October  2002

Vol. 4, No. 10


Six Sigma and More: 
"For what purpose?
"

by David R. Schwinn

I woke this morning too full of mainstream news. Some CEOs are going to jail, some CEOs cook the books, some CEOs earn 500 times the wages of their employees. Arafat's compound is being torn down, terrorism is everywhere, pre-emptive strikes are imminent, HIV/AIDS is a pandemic in Africa, child labor and poverty are everywhere, and resource use and pollution are increasing at rates that may destroy the planet.
 
It got me to recalling one of Dr. Deming's most familiar questions, 'For what purpose? '  We all know the classic difference between management‑-doing things right--and leadership--doing the right thing. I believe that, in general, our work falls somewhere in between. I also believe that Six Sigma leans heavily toward the management side. My thoughts this morning lead me to encourage you to step back and ask, 'For what purpose? '
 
As I ponder this, I am reminded of two viewpoints I hold about my world.  Mary Catherine Bateson, a well-known anthropologist, argues that, 'men have been trained in the importance of single-mindedness, of narrowly focused attention. ' (Peripheral Visions, New York: HarperCollins Publishers, 1994, p. 97). She observes that women have been encouraged to take a more holistic, integrative perspective. She further argues that this began as a result of men's ancient roles in hunting and warfare. Narrow focus is, therefore, a deeply-held male value and orientation.
 
Another perspective lies in the legal view that corporate leaders are fiscally responsible to their stockholders. Given these two perspectives, and the predominance of male leadership in corporations, financial performance is the logical single-minded focus of rational corporate executives. The natural inclination is to use Six Sigma to drive down the cost of existing products and services.
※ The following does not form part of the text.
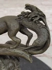 SIGNED HAND MADE LOST WAX FOX BRONZE SCULPTURE FIGURINE CABIN DECOR WILDLIFE NR SIGNED HAND MADE LOST WAX FOX BRONZE SCULPTURE FIGURINE CABIN DECOR WILDLIFE NR Condition : This sculpture is in perfect condition. Bronze Dimensions with Marble Base: Height 7.5" X Width 9.5" Marble Dimensions: Diameter 8.5" Height without base:9.5" Weight:9 LBS Inventory:64AL3705746 This captivating bronze sculpture features a fox, beautifully crafted with meticulous attention to detail and realism. The mystical hunter is depicted in a stand of trees, offering a touch of the wild and a sense of drama to any space. Whether placed near an entryway, as part of a home gallery, or in proximity to a fireplace, this artwork brings a unique charm that is both irresistible and enchanting. Crafted using the lost-wax method, a technique known for its precision and ability to capture intricate details, the sculpture showcases the artist's dedication to portraying the essence of this cunning creature. The antique brown patina finish adds a timeless quality, enhancing the overall aesthetic and giving the sculpture a sense of antiquity. This fox sculpture, reminiscent of rare collectibles, is more than just a decorative piece—it's a statement of artistry and a celebration of the natural world. Signed by the artist S. Beatuce, this handcrafted bronze masterpiece invites admiration for its craftsmanship and the unique character it brings to any environment. Signed S.Beatuce Fox Wild Animal Bronze Statue Figure Sculpture Figurine Art Video will open in a new window Using the eBay App? Paste link into a browser window: [isdntekvideo] Shipping Terms : Most of our items are shipped via USPS (United States Postal Service) mail or UPS. Most orders are shipped within 24-48 hours of purchase. Please be aware that not all items are available for USPS shipping due to size and weight. We do ship to Hawaii, Alaska, Canada, Puerto Rico, APO/AE, and U.S. Virgin Islands, however, an additional charge may be required. Please contact us before making any purchases in these areas. For Non-USA customers, you may be responsible for all duty, tax, brokerage fees that may be due upon delivery (shipping costs cover freight charges only). We also ship internationally. Please refer to the "Shipping and Handling" chart for the rates for each area. Payment : We accept just about any form of payment. PayPal, Master Card, Visa or American Express credit cards. Money orders, cashiers checks, and even personal or business checks. For governmental institutions, we will also accept a purchase order. Please understand that for personal or business checks we have to wait for the check to clear (usually 7 days) before shipping. Condition : New Detailed Hand Crafted Hot Cast Bronze Satisfaction Guaranteed. This is Stock Photo, Slight Color Variation!! Listing and template services provided by inkFrog

But if customers are increasingly disinclined to want these products and services, or if they are unable to purchase them because they are unemployed, these reduced costs won't help profitability much.
 
So, ask what's the purpose of your Six Sigma initiative. It may be to reduce cost, to increase customer satisfaction, to increase profit, to improve CEO compensation, to save jobs, or any of many other possibilities. Let people know the answer. People are more inclined to work hard on efforts that are important, personal, and likely to provide timely feedback. If that is true, and I believe it is, those in your organization or community are likely to get more excited about Six Sigma if they know why they are doing it.
 
My guess is that asking the purpose question will also show you opportunities beyond Six Sigma for fulfilling the resulting larger mission. With that larger mission in hand, reexamine what your organization and the people in it are good at. Also check out what they dream of. Talk to your customers to find out their needs and expectations. Begin some conversations with your suppliers and other partners and friends to explore new ways to be together.
 
Your larger mission and these conversations may, in fact, get you to my conclusion. Six Sigma is necessary, but not sufficient. These broader conversations are likely to create new features, new services, new products, new markets, and new contributions by employees and partners alike, beyond what you thought possible. It is unlikely that a Six Sigma effort alone will yield them. At the speed the world is changing, doing better what we're already doing is necessary, but not sufficient. We must also be both proactive and quickly reactive. Asking, 'For what purpose? ' is always a worthy question.